= Szadzenie =

Phonological phenomena in Polish language

Szadzenie (/pl/) is a regional phonological feature of the Polish language. It consists in replacement or merger of dental affricates //t͡s/, /d͡z// ⟨c, dz⟩ and dental fricatives //s/, /z// ⟨s, z⟩ into their retroflex counterparts i.e. retroflex affricates //t͡ʂ/, /d͡ʐ// ⟨cz, dż⟩ and retroflex fricatives //ʂ/, /ʐ// ⟨sz, ż/rz⟩, respectively. Szadzenie is caused by the hypercorrect avoidance of mazurzenie (mazuration) which is phonetically marked as rural and incorrect. This phenomenon is common in areas which border mazurating dialects, for instance the Suwałki Region.

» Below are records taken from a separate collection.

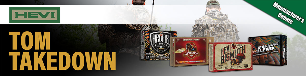 qualifying* HEVI-Shot® turkey shotshell ammunition** to get a rebate of up to $100.00 back. Taxes, fees, and/or shipping and handling fees are not included in the eligible rebate amount.
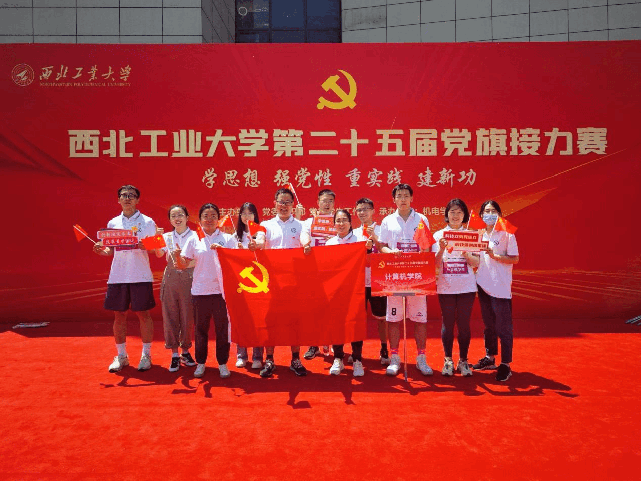 党旗接力赛是西工大品牌党建活动。本届比赛以“学思想、强党性、重实践、建新功”为主题,共有37支代表队参赛,活动分为 “科教兴国”、“文化强国”、“人才强国”、“团结奋斗”、“创新驱动”、“寄语青年”六个赛段。比赛中穿插新思想知识问答、团队协作、“飞花令”、“总师连连看”等环节,将理论学习内容融入趣味活动中,让师生党员们在有趣而激烈的比赛中锤炼党性。
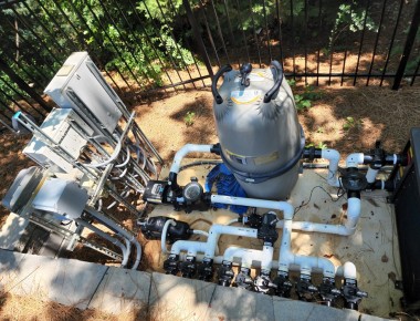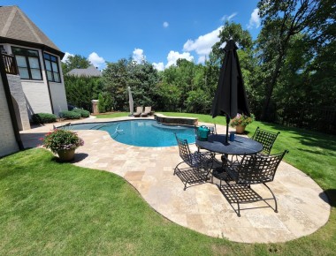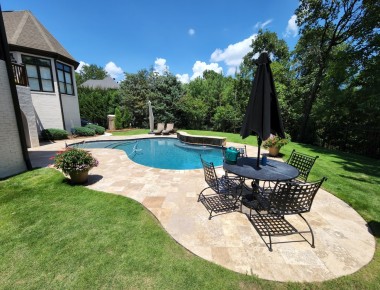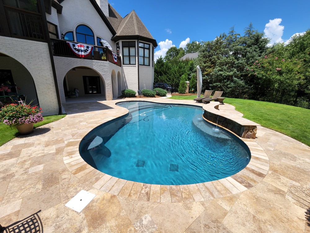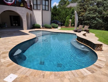 18x36 freeform gunite, depth 8ft - 3ft, french gray plaster, tanning ledge, coping travertine noche, sheer decent waterfall - natural stone. The deck is travertine noche color french pattern. This pool also has led lights, a heat pump, Jandy pool pump with variable speed.
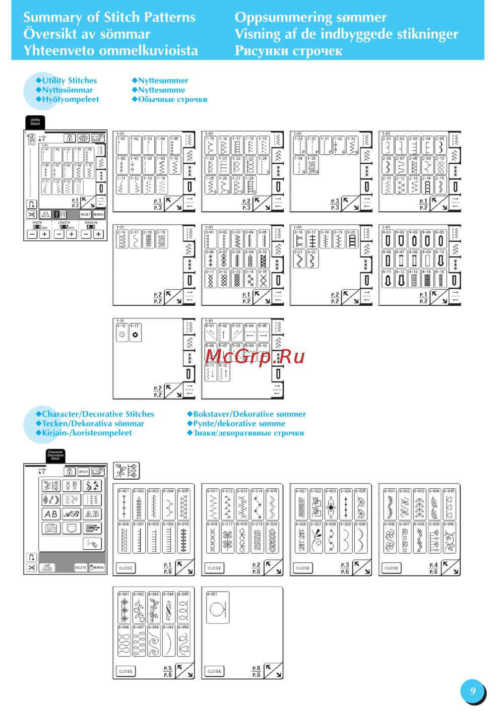 - Summary of stitch patterns oppsummering sømmer översikt av sömmar visning af de indbyggede stikninger yhteenveto ommelkuvioista p.11
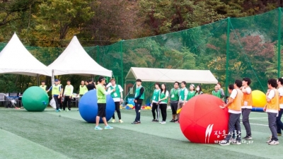 체육대회 패키지 중 명랑운동회 공굴리기 게임하는 모습...

Examples of attested words with szadzenie in Polish dialects noted in the Atlas of Polish Dialects (Atlas Gwar Polskich): proszo instead of proso ("millet, Panicum"), bydlęczy instead of bydlęcy ("bovine"), szmalec instead of smalec ("lard").

The word szadzenie is derived from Polish word sadzić, colloquially meaning "to bother", pronounced in the relevant dialects as /[ˈʂad͡ʑit͡ɕ]/ instead of /[ˈsad͡ʑit͡ɕ]/.